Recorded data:
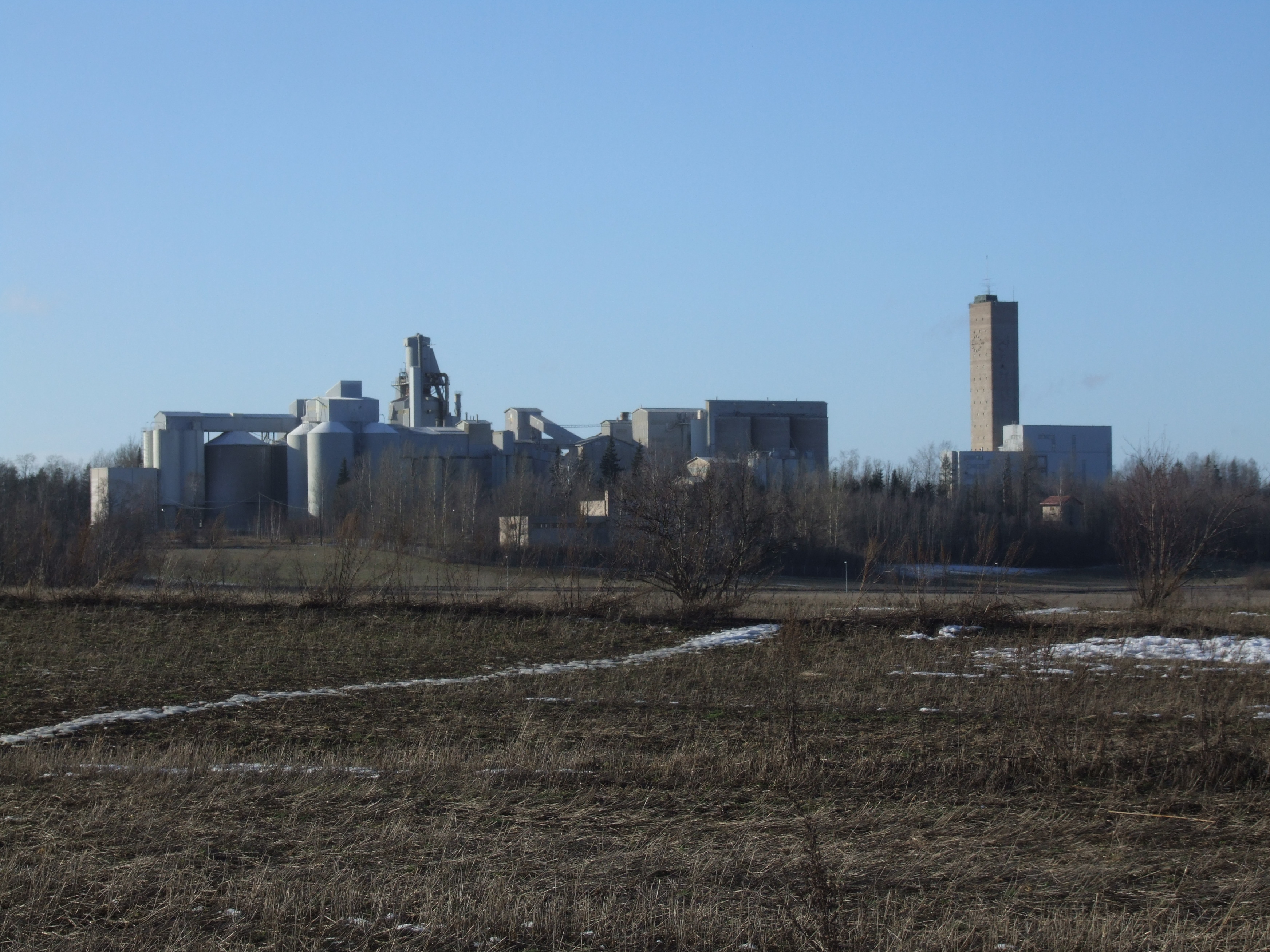 Tytyri limestone mine and factory in Lohja, Finland
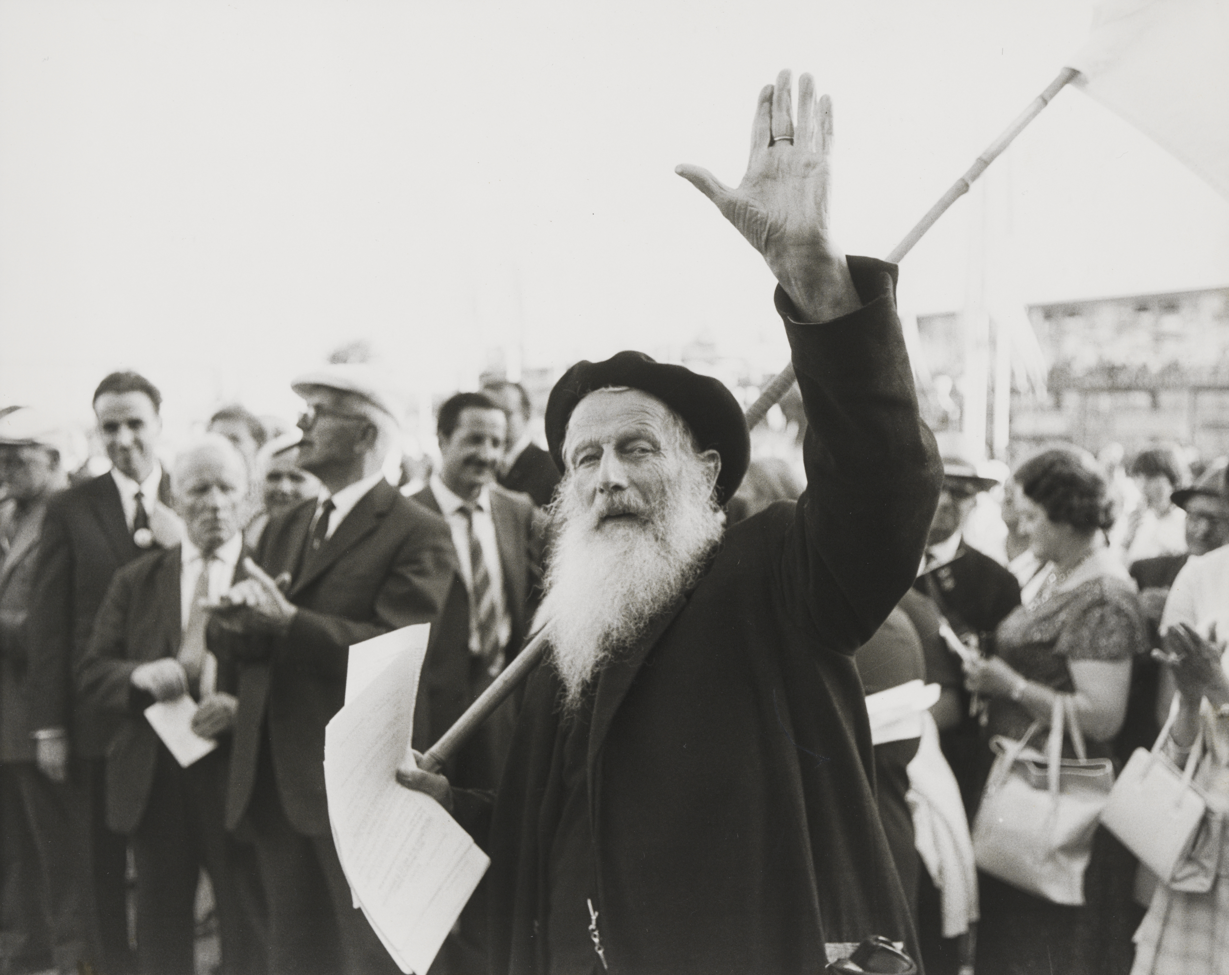 The Swiss peace activist Max Daetwyler, at the Comptoir Suisse in Lausanne (Switzerland).
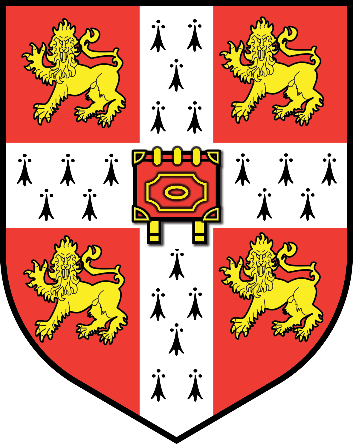 Cambridge University coat of arms, granted for use by the Chancellor, Masters, Fellows and Scholars as a corporate body. The blazon is composed of: "Gules, a cross ermine between four lions passant guardant or, and on the cross a closed book fessways gules clasped and garnished gold, the clasps downward". The original blazon read: "Gules sur ung croix dermines entre quatre Lions passant d'or Livre de gules".[1]
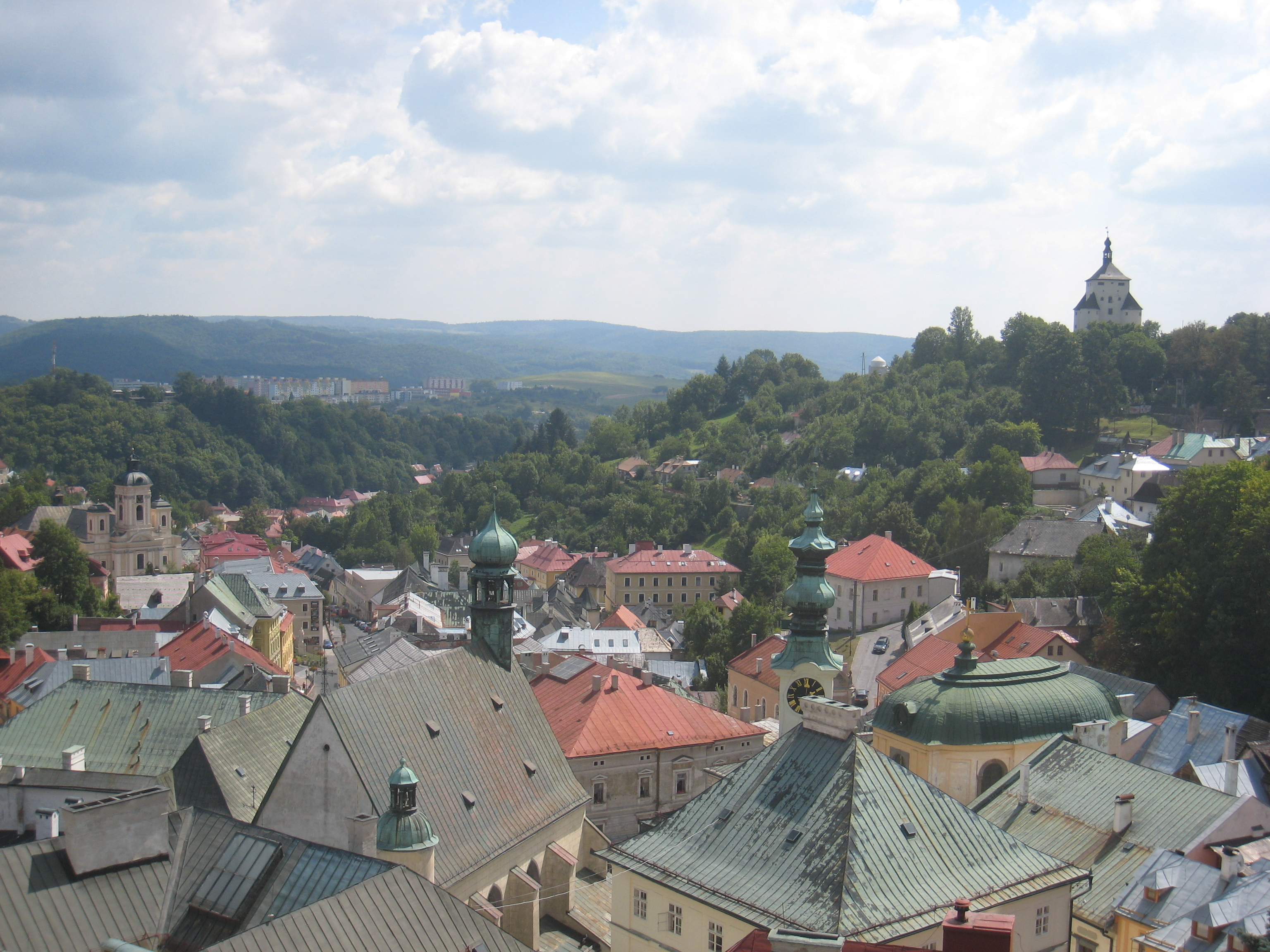 Landscape from the entrance tower of Old Castle (Stary Zamok). On the left the Parish Church. In the centre (foreground) the belltowers of Saint Catharine's Church and of the Town Hall. On the right, on the hill, the New Castle (Novy Zamok).
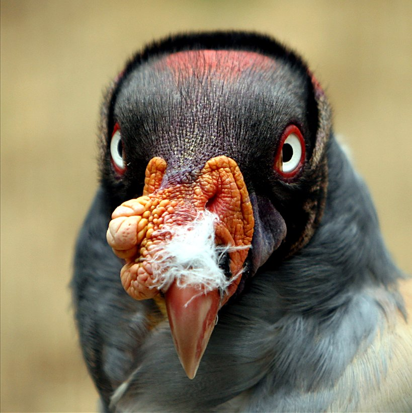 poor guy was trying to look so dignified. don't know what that white fuzz on his beak is or how he got it there. this is a king vulture at the national zoo in washington, dc. no worries, i live nearby and will check on him in a few days to see how he's doing... update: ok., i checked back on him - he's fine and looking pretty suave again... additional update: afer a couple months of looking at this picture i realized it was probably one of his own feathers stuck to his beak. can't believe this didn't occur to me until recently...
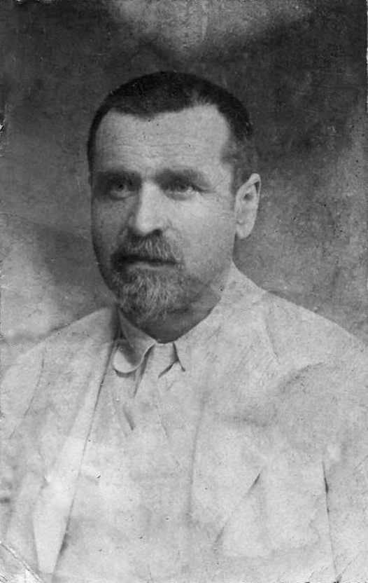 Bulgarian medical doctor Paraskev Stoyanov (1871-1940)
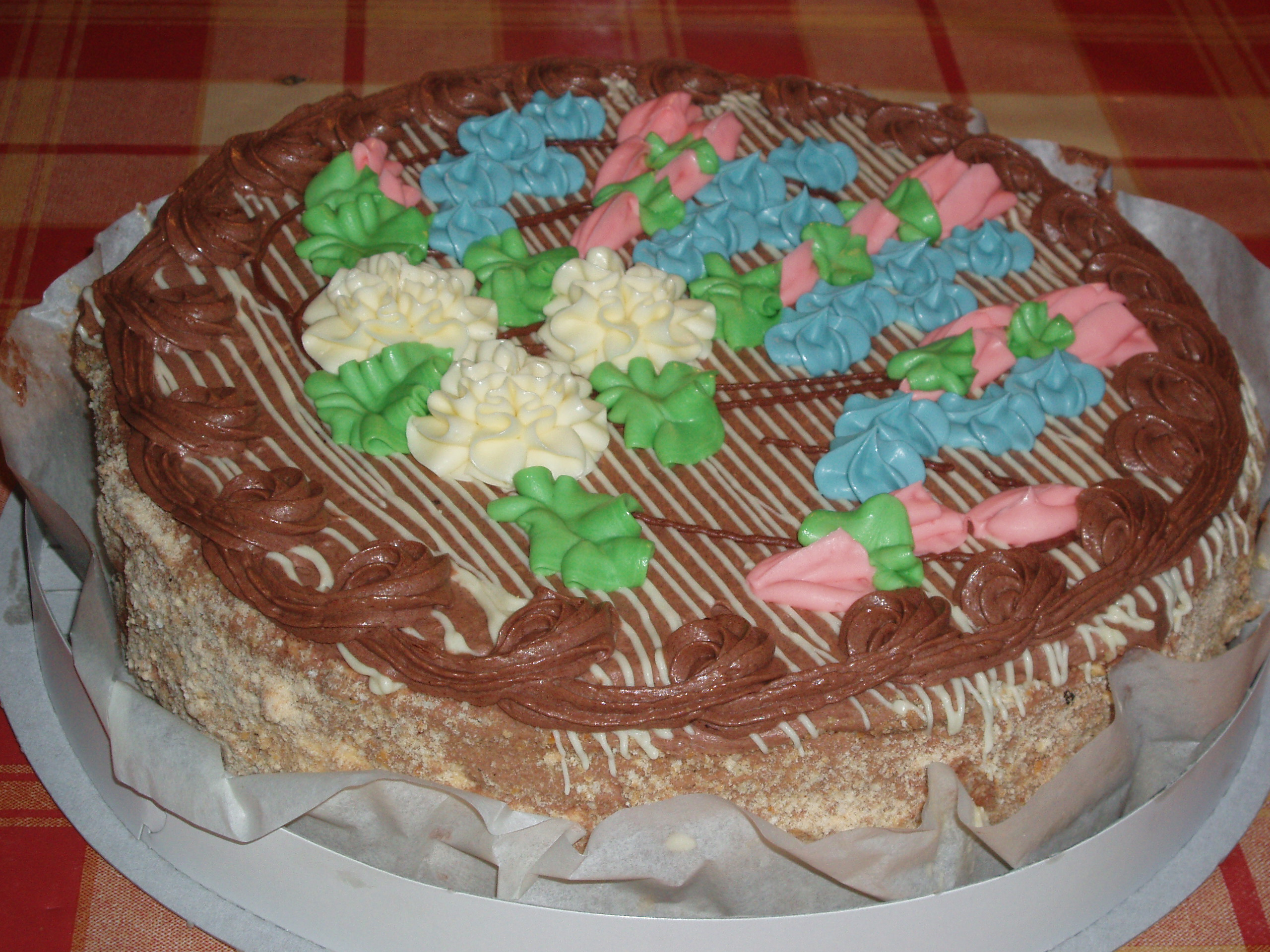 Kiev cake
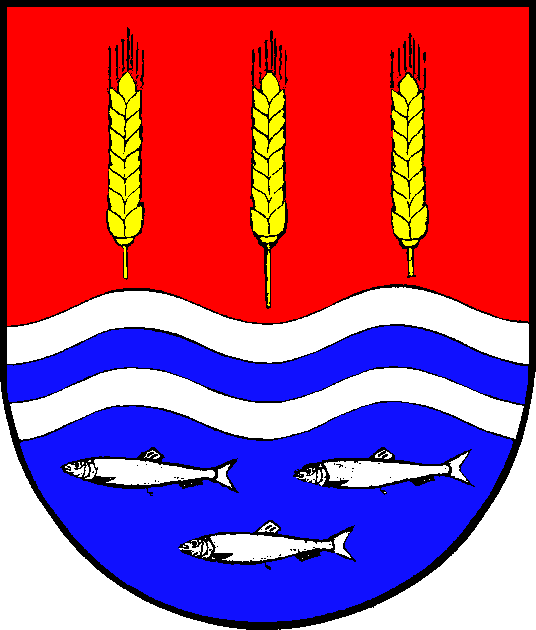 Coat of arms of the municipality Thumby in Schleswig-Holstein, Germany.
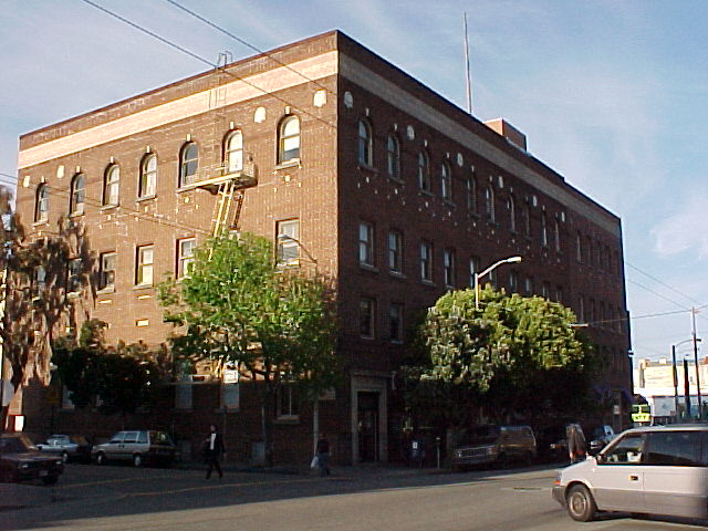 Redstone Building looking North East Built as The San Francisco Temple of Labor the Redstone building was the head-quarters for planning the 1934 San Francisco General Strike It is now a San Francisco landmark #238
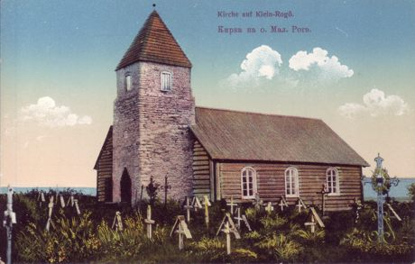 Church on Väike-Pakri island in Estonia.
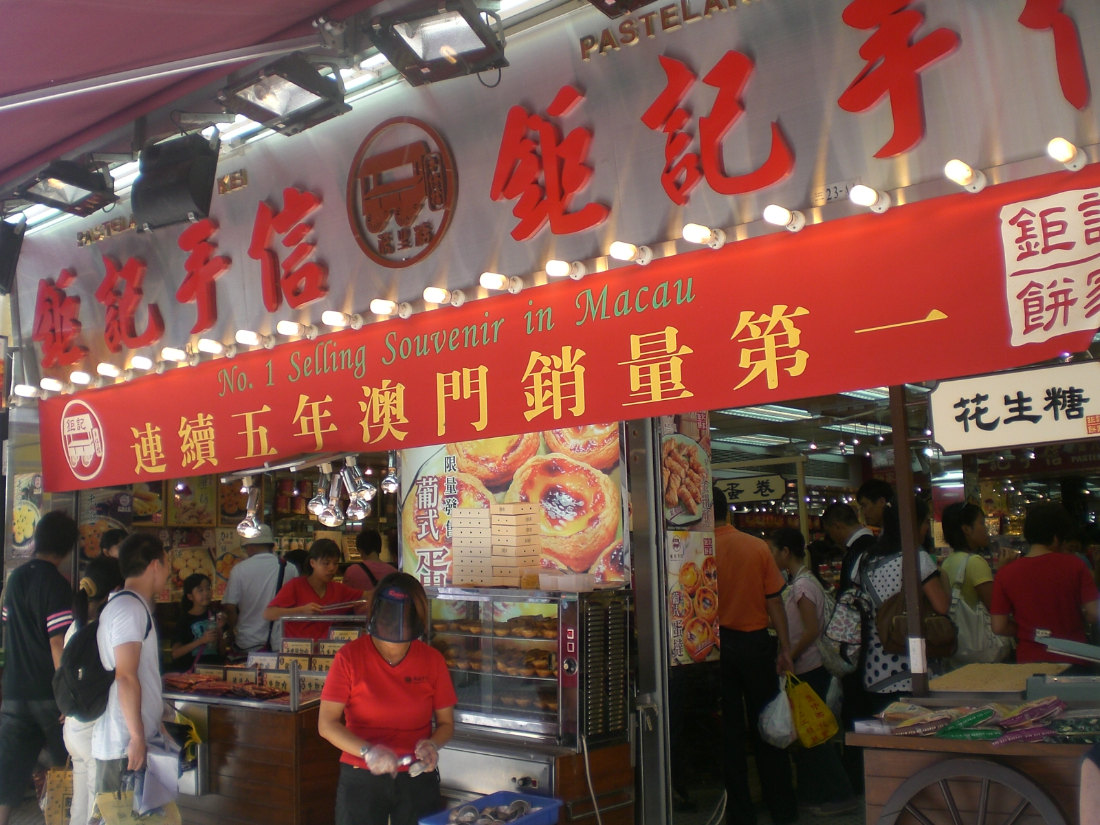 Souvenir shop in Macau, 手信, 鉅記餅家 Author= Mo707
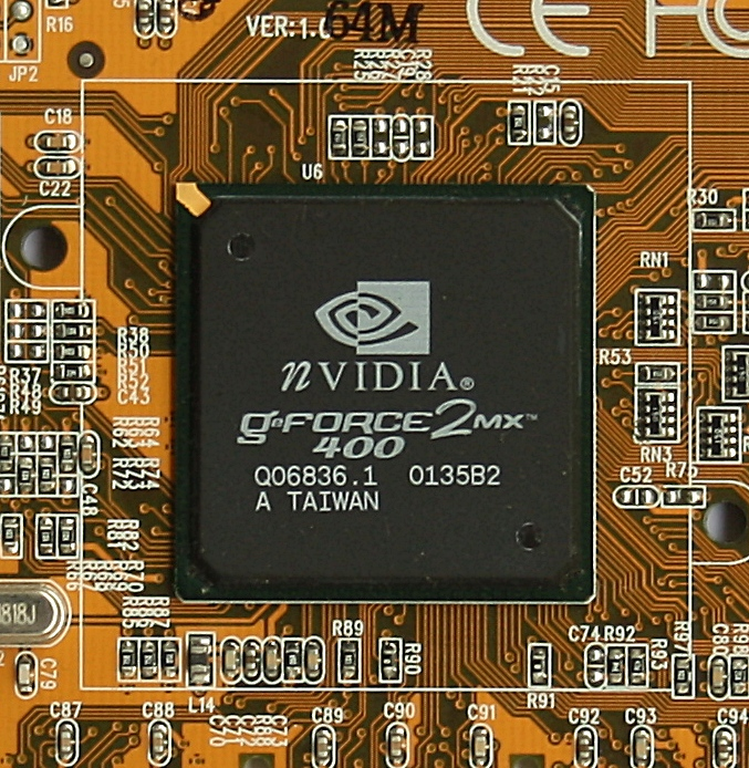 NVIDIA GeForce2 MX 400 (NV11) Camera data Fuji Finepix S6500fd
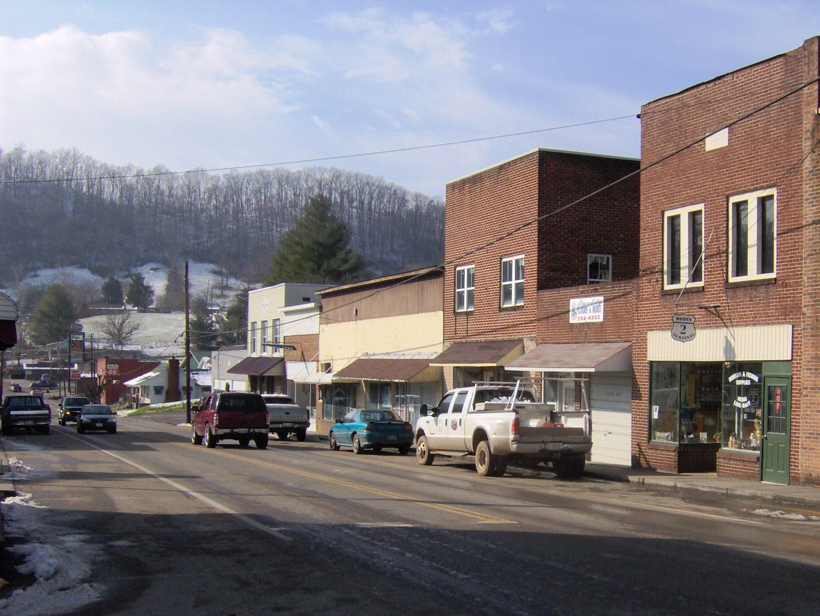 Main Street (part of State Highway 33) in Sneedville, Tennessee, USA, looking west from the courthouse.

_ASSIGNMENT:_
When you give the entries again, keep them exact and omit any picture they contain.

_SOLVED EXERCISE:_
 Tytyri limestone mine and factory in Lohja, Finland
 The Swiss peace activist Max Daetwyler, at the Comptoir Suisse in Lausanne (Switzerland).
 Cambridge University coat of arms, granted for use by the Chancellor, Masters, Fellows and Scholars as a corporate body. The blazon is composed of: "Gules, a cross ermine between four lions passant guardant or, and on the cross a closed book fessways gules clasped and garnished gold, the clasps downward". The original blazon read: "Gules sur ung croix dermines entre quatre Lions passant d'or Livre de gules".[1]
 Landscape from the entrance tower of Old Castle (Stary Zamok). On the left the Parish Church. In the centre (foreground) the belltowers of Saint Catharine's Church and of the Town Hall. On the right, on the hill, the New Castle (Novy Zamok).
 poor guy was trying to look so dignified. don't know what that white fuzz on his beak is or how he got it there. this is a king vulture at the national zoo in washington, dc. no worries, i live nearby and will check on him in a few days to see how he's doing... update: ok., i checked back on him - he's fine and looking pretty suave again... additional update: afer a couple months of looking at this picture i realized it was probably one of his own feathers stuck to his beak. can't believe this didn't occur to me until recently...
 Bulgarian medical doctor Paraskev Stoyanov (1871-1940)
 Kiev cake
 Coat of arms of the municipality Thumby in Schleswig-Holstein, Germany.
 Redstone Building looking North East Built as The San Francisco Temple of Labor the Redstone building was the head-quarters for planning the 1934 San Francisco General Strike It is now a San Francisco landmark #238
 Church on Väike-Pakri island in Estonia.
 Souvenir shop in Macau, 手信, 鉅記餅家 Author= Mo707
 NVIDIA GeForce2 MX 400 (NV11) Camera data Fuji Finepix S6500fd
 Main Street (part of State Highway 33) in Sneedville, Tennessee, USA, looking west from the courthouse.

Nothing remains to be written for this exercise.